DATASET CONTENT
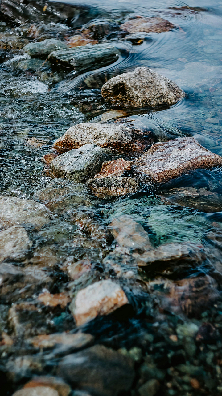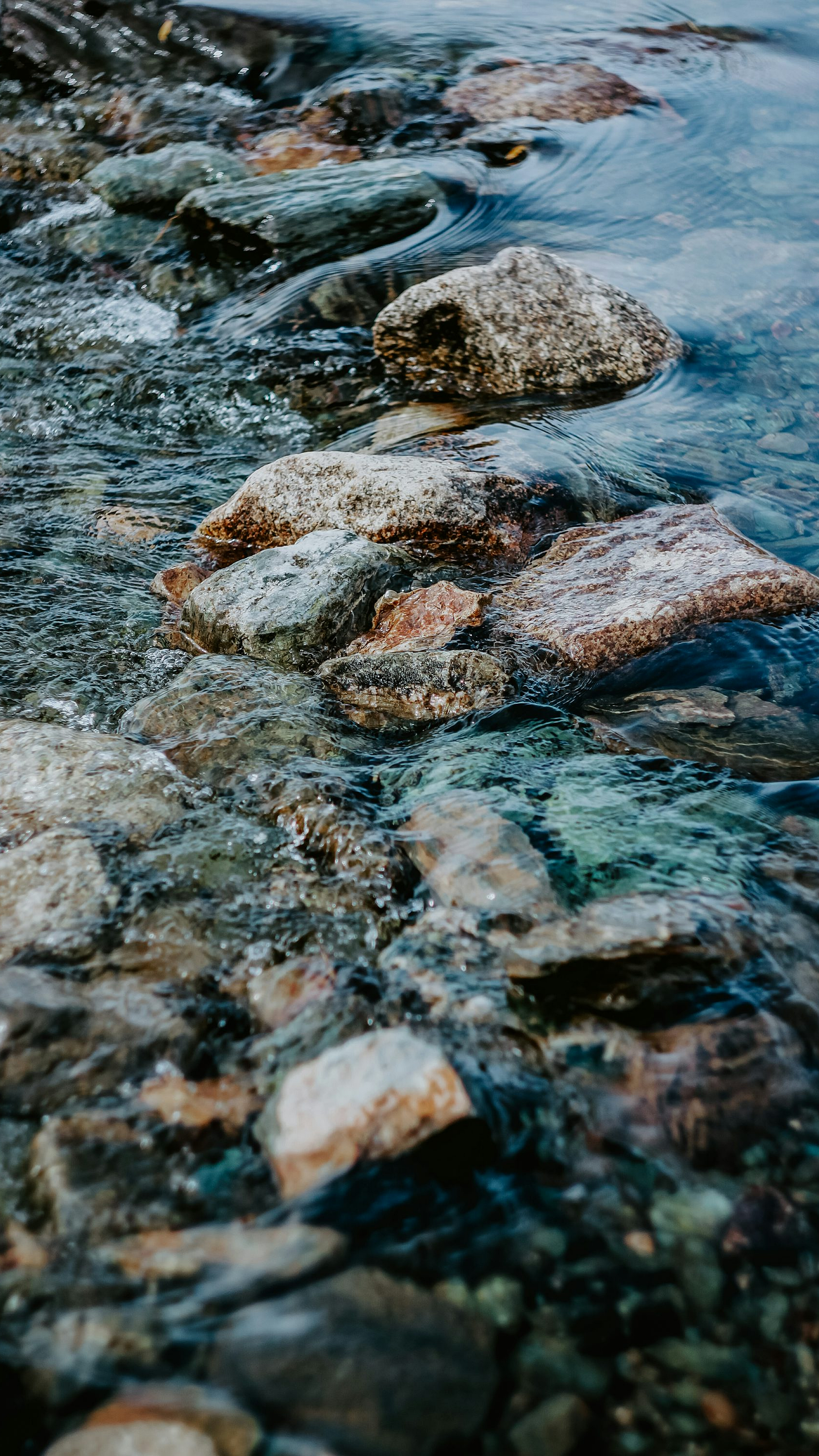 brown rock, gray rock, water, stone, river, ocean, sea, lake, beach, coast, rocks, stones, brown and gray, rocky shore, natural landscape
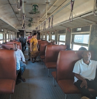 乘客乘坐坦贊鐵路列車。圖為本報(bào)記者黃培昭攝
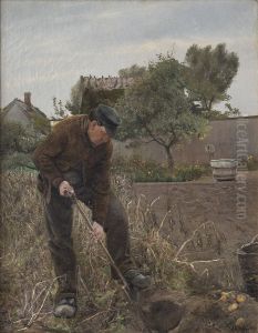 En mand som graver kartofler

ACTION ITEM
Please output each line above exactly and omit all images.

RESPONSE FOR THIS EXERCISE
 brown rock, gray rock, water, stone, river, ocean, sea, lake, beach, coast, rocks, stones, brown and gray, rocky shore, natural landscape
 乘客乘坐坦贊鐵路列車。圖為本報(bào)記者黃培昭攝
 En mand som graver kartofler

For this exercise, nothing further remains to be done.